Causal Graph. A causal graph \(C_L=(A_L,E_L)\) constructed from an event log L is a graph showing the causal relations between the log activities. Most process mining algorithms build such a graph in a preprocessing step by scanning the event log to see how many times an activity \(a_1\) is followed by another activity \(a_2\). If this occurs above a certain threshold, then it is assumed that \(a_1\) causally precedes \(a_2\) (i.e. \((a_1,a_2) \in E_L)\). The selection of an appropriate threshold is out of scope of this paper. In this work, we assume that \(C_L\) is constructed using an existing algorithm. We also assume that \(C_L\) is connected.

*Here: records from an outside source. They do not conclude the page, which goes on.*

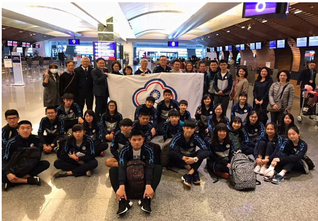
( 團 體 合 照 )
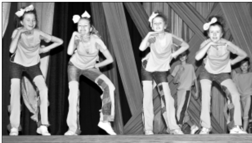
"Rozīnītes". Deju studijas Di Dancers deju grupas "Rozīnītes" dalībnieces kā vienmēr uzstājās pārliecinoši, izpelnoties žūrijas augstāko vērtējumu. Meiteņu izpildījumā skatītāji vēroja deju "Mātes un meitas".
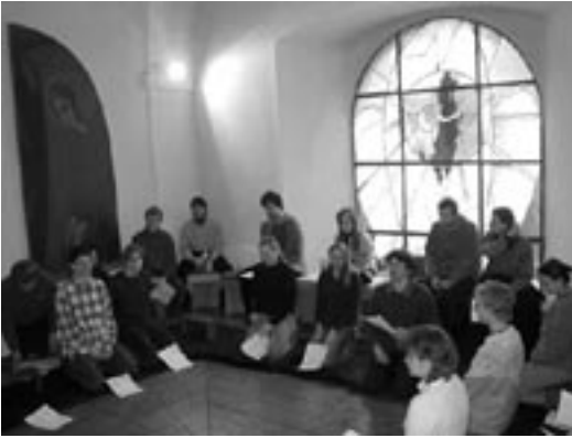
Společná meditace v kolínském exercičním domě

Nechala jsem ho, aby mě uzdravil, aby se dotkl mého zranění,“ vzpomíná na silné prožitky během meditace.
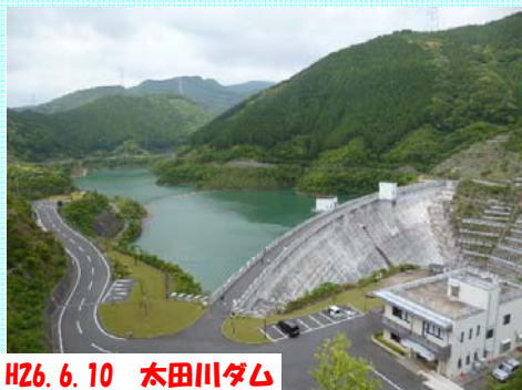
H26. 6. 10 木田川ダム
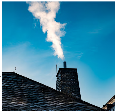
Abb. 11 Abgasfahne gut

Findet eine gute Verbrennung statt, bildet sich eine kaum sichtbare weiße Fahne aus, welche besonders bei kühlerer Witterung nicht auf dem Schornstein aufsitzt und erst einige Zentimeter darüber sichtbar wird (Abb. 11). In dieser wird hauptsächlich der an der kühleren Luft kondensierende Wasserdampf sichtbar. Diese weiße Abgasfahne ist bei Festbrennstofffeuerungen nicht so stark ausgeprägt wie bei Gasfeuerungen. Eine Abgasfahne welche von der Farbe ins gräulich-schwarze tendiert, kann ein Anzeichen einer ungenügenden Verbrennung sein (Abb. 12). Die Färbung wird durch Ruß- oder Aschepartikel hervorgerufen, welche sich im Verbrennungsprozess bilden oder mitgerissen werden.
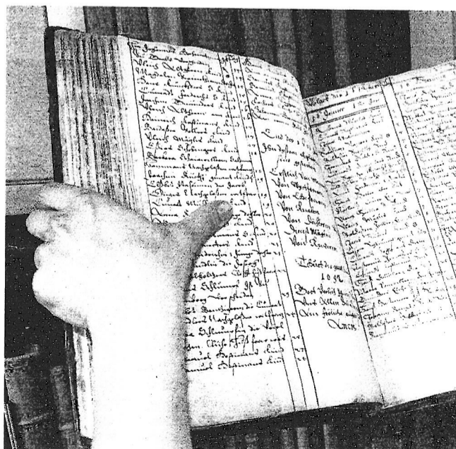
Das Totenbuch der Stadt St. Gallen wird im Stadtarchiv aufbewahrt.

Stadtarchiv St. Gallen, Totenbuch, Seiten 136 und 140
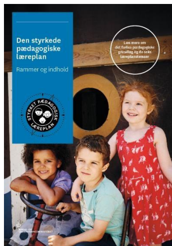
Den styrkede pædagogiske læreplan, Rammer og indhold

Denne skabelon indeholder alle de lovmæssige krav til evalueringen. Lovkravene finder I i de to
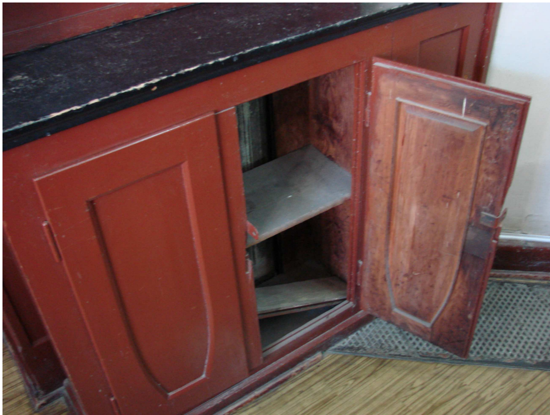
Fot. 7b. Szafka regału pojedynczego i fragment podłogi
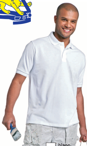
Polo-Shirt Qualité robuste Tailles S - XXL 24.- sans poche 18.- blanc gris rouge mi-bleu bleu-foncé noir
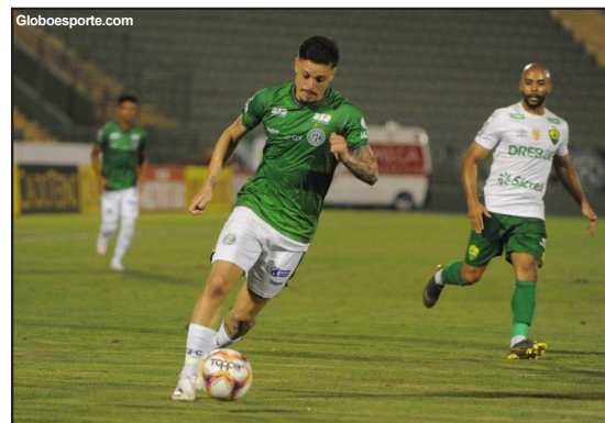
Guarani 1-0 Cuiabá
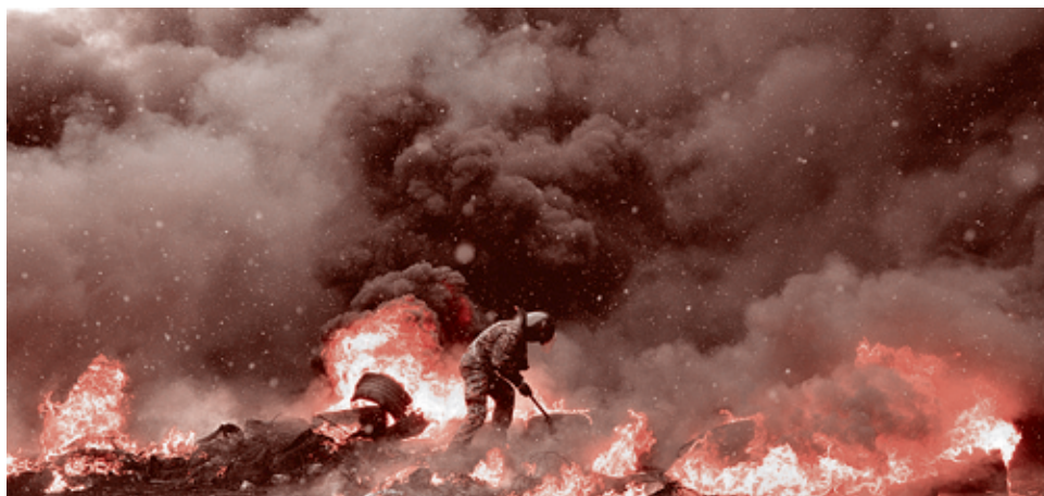
Сергей Сутинский/АФП, 22 января 2014 г.

обнаружен труп мужчины с двумя огнестрельными ранениями (в голову и грудь). При нем были найдены паспорт и личные вещи. Кроме того, около 9 часов утра в помещении библиотеки был выявлен еще один мужчина с огнестрельными ранениями, который находился без сознания. Последний погиб».

Configurable Process Models. Configurable process models allow to explicitly represent the common and different parts in one customizable process model. They need to be configured to specific requirements by (de)selecting (ir)relevant parts. The essence of configuration can be captured in terms of two operators, hiding and blocking [10]. Hiding an activity corresponds to skipping it. In other words, the activity is either removed or renamed to a silent step. Blocking an activity corresponds to disabling it, i.e. the path from the activity cannot be taken anymore. There exist several extensions to existing process modeling notations. They all share the same configuration basis but differ according to the language notation. In this work, we use Petri nets as a process modeling notation since a great number of the process mining techniques assume or generate Petri nets. However the results are not restricted to this notation.

4 Proposed Approach

In this section, we first present a running example (Sect. 4.1) that will be used to illustrate the three steps of our discovery approach (Sects. 4.2, 4.3 and 4.4).

4.1 Running Example

We consider a scenario of four different variants of a loan process: home, student, business and small. Example event logs corresponding to these variants are as follow: \(L_1=[\langle a,b,c,d,e,h,i,j,l,k,m,n,o,p,w \rangle ^{47},\langle a,b,d,c,e,h,i,j,k,l,m,n,o,q,\) \(w \rangle ^{28},\langle a,b,d,c,e,h,i,k,j,l,m,n,o,p \rangle ^{25} ]\); \(L_2=[\langle a,b,r,s,t,u,v,w \rangle ^{50}]\); \(L_3=[\langle a,\) \(b,c,d,f,g,e,h,n,w \rangle ^{48}, \langle a,b,d,c,f,g,e,h,n,w \rangle ^{52}]\); \(L_4=[\langle a,b,r,s,t,v,s,u,v,o,\) \(p,q,w \rangle ^{48},\langle a,b,r,s,u,v,o,q,p,w \rangle ^{52} ]\). Figure 2 shows the causal graphs of the four event logs. To ease the understanding of the processes, we split and annotate them with the names of different phases. There are in total 22 distinct activities. Three activities appear in all the four event logs and 13 activities appear in different subsets of the logs.

Fig. 2.
figure 2

The causal graphs of four event logs of different loan process variants

Our approach for discovering a hierarchical consolidated model consists of three main steps:

  1. 1.

    An integrated representation of the causal graphs is created and is referred to as multi causal graph (Sect. 4.2);

  2. 2.

    The multi causal graph is decomposed into a hierarchical structure of nested SHESHE fragments. For this, we formally introduce the concept of SHESHE and their induced hierarchical structure (Sect. 4.3);

  3. 3.

    The abstraction of SHESHE fragments is generated and the event logs are mined accordingly to discover a hierarchical consolidated model (Sect. 4.4).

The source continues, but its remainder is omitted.